Je ne dis pas qu'il n'y a pas encore d'inégalités, par exemple en ce qui concerne les salaires dans certains secteurs, ou lors de l'embauche de personnes dans une entreprise (voici une autre inégalité, beaucoup plus grave, comme l'âge, la race, l'orientation sexuelle, mais pour les féministes, il semble que ce ne soit pas leur combat).

Nous venons d'entrer dans la troisième décennie du XXIe siècle. L'égalité entre les hommes et les femmes, du moins dans le monde civilisé, a déjà été réalisée dans une large mesure, et pas exactement à la suite de démonstrations multidimensionnelles et fanfaronnes, ni de l'insistance à toujours souligner "le" et "la". En dehors de la lutte des femmes espagnoles pendant 40 ans (sans vouloir leur enlever le mérite), l'égalité des femmes est arrivée parce que le monde change, la société s'ouvre, l'esprit s'ouvre, et le même homme change la donne et se rend compte que les femmes sont tout aussi compétitives. 

Alors, pourquoi tous ces mouvements de femmes sont-ils présents en Espagne aujourd'hui ? Quels droits réclament-ils ? Ce n'est pas clair. Je suis sûr que vous avez déjà entendu une militante féministe de haut rang : des mots et des mots vides, des phrases clichées, et rien de concret. Lorsqu'il y a quelques semaines, la manifestation de masse du 8-M a été interdite à cause de la pandémie, j'ai écouté à la télévision une fille d'une association d'étudiants, qui a dit qu'ils allaient sortir et manifester, quoi qu'il arrive. Et elle a argumenté de la même manière que ses mentors, en mettant l'accent sur la phrase qui est devenue très à la mode ces derniers temps : que "le féminisme est criminalisé". Pauvre fille ! 

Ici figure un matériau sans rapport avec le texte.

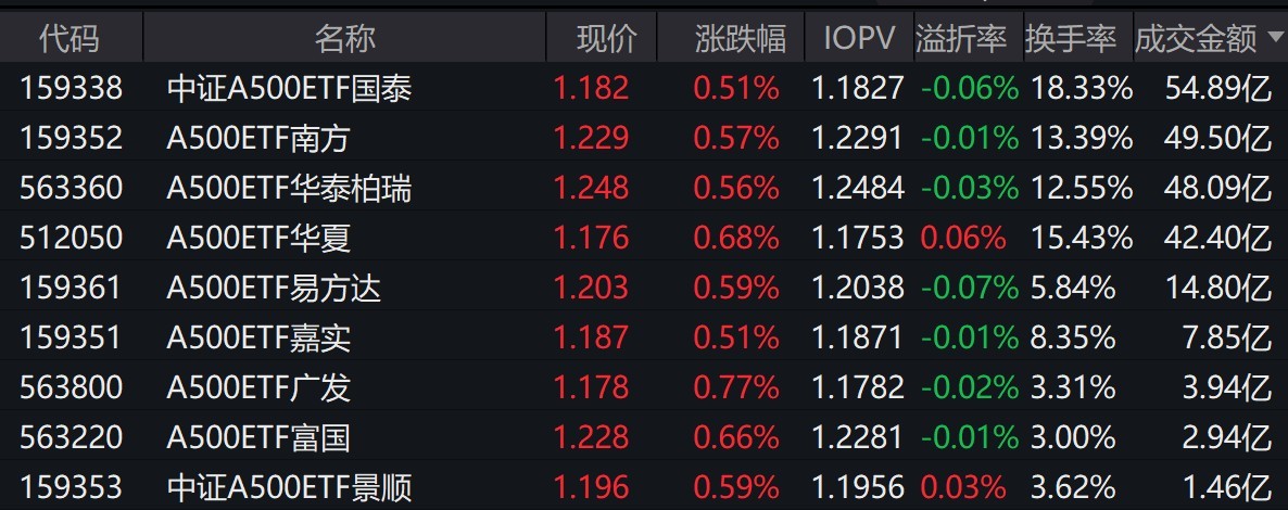 截至上午收盘,场内跟踪中证A500指数的ETF小幅上涨。其中,有9只中证A500相关ETF成交额超1亿元,2只超49亿元。中证A500ETF国泰、A500ETF南方早盘成交额分别为54.89亿元、49.5亿元。

Ce qui se passe, c'est que le féminisme en Espagne est devenu un instrument de politique pour aspirer les cerveaux des gens, surtout des jeunes femmes, comme les étudiants, oh, pardon, LES étudiants, et les rendre soumis à une certaine doctrine politique. Ou en d'autres termes, pour les accrocher à leur réseau d'électeurs fidèles.

Au fait, dans toutes les langues où il existe une distinction entre les genres au pluriel, la forme masculine est acceptée par défaut comme générique, incluant les deux sexes. En Bulgarie, par exemple, lorsque nous disons "les Bulgares" ou "les citoyens", nous entendons l'ensemble de la nation. Et personne n'aurait l'idée de lancer un mouvement féministe pour cette raison, ou de porter la controverse au Parlement, et de mettre la grammaire à l'envers juste pour montrer que les femmes ne sont pas inférieures aux hommes. 

L'égalité n'est pas atteinte en rendant la langue plus chargée, moins fluide et moins expressive. Cela ne mène qu'au ridicule.